Upstash bills per Redis command. The [free tier](https://upstash.com/pricing) covers 500,000 commands per month, and pay-as-you-go is $0.20 per 100,000 commands after that. Let's say we use sliding window + analytics:

- Allowed request, intermediate state: 4 commands (algorithm) + 1 (analytics) = **5 commands**
- Rate-limited request, cache miss: 3 + 1 = **4 commands**
- Rate-limited request, cache hit: 0 + 1 = **1 command**

So 500K commands a month gets us roughly 100K legitimate requests with sliding window plus analytics, before we start paying. Switching to fixed window without analytics doubles that to around 250K. The ephemeral cache means bot traffic effectively costs nothing once an attacker is blocked.

Past the free tier, the numbers stay tiny.
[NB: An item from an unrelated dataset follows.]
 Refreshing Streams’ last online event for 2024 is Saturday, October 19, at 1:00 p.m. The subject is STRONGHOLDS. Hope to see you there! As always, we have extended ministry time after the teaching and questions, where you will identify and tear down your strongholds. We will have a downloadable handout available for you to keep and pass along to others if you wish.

A million allowed requests a month with sliding window plus analytics is 5M commands, which works out to about $9. For most side projects, this is a rounding error compared to the Vercel bill.

## When should I NOT use Upstash Ratelimit?
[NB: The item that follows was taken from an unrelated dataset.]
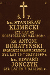Drzewica: On 09.09.1939 Germans attack Polish army unit (its chaplain was father Daleciński) hiding in Drzewica rectory. After overruning it parish priest father Klimecki introduced father Dolaciński as parish vicar but army boots had given him away. Both priest were immediately murdered by Germans. Altogether 11 Poles were murdered this day in Drzewica and surrounding villages. (more on: www.drzewica.plClick to attempt to display webpage

I wouldn't recommend Upstash Ratelimit if:

- **Per-second precision is required**, for financial or trading APIs. Sliding window is an approximation. Write a custom Lua script against Redis directly.
- **You're already on a self-hosted Redis Cluster** with sub-millisecond latency from your app servers. In this case it's easier to use node-redis with a token bucket Lua script.
- **For pure DDoS protection.** Application-layer rate limiting fires after the request has already reached your function. Pair it with Vercel's WAF or Cloudflare in front of your origin.

## FAQ

### Does Upstash Ratelimit work in serverless runtimes?

Yes. The SDK is HTTP-based, so it runs in Edge, Node.js, Cloudflare Workers, Fastly Compute, and any other runtime. In Next.js 16, the proxy file defaults to Node.js, it works great there too.

### What happens when my Redis fills up with rate-limit keys?

Every key gets a TTL set to the window duration on first hit, so a fixed-window or sliding-window key auto-deletes after the window passes with no further requests. You don't need to clean up manually. If you want to reset a specific identifier's state, the SDK exposes a reset method that takes the identifier.

### Can I share one Upstash Redis between rate limiting and caching?

Yes, and you should. Upstash bills per command, not per database. Use the limiter's prefix option (something like `rl:api`, `cache:sessions`) to keep keyspaces separate. The default prefix is `@upstash/ratelimit`.

### How do I test rate limiting locally without hitting production Redis?

Spin up a free Upstash dev database for local use and point your env at it. There's no in-memory mock that matches the SDK's behavior accurately: the Lua scripts the SDK uploads to Redis are part of the contract. If you must run tests offline, mock the limiter's return shape directly in your test setup. You can also get a free 72-hour Redis database for experiments by making a POST request to [https://upstash.com/start-redis](https://upstash.com/start-redis).

### How is this different from rate-limiter-flexible or express-rate-limit?

Those libraries assume a persistent process with a connection pool, and they break on serverless cold starts because each Lambda invocation opens a fresh TCP connection. Upstash Ratelimit uses HTTP, so cold starts are no problem. If you're on a long-running Node server with one regional Redis, rate-limiter-flexible is fine, but takes more set-up.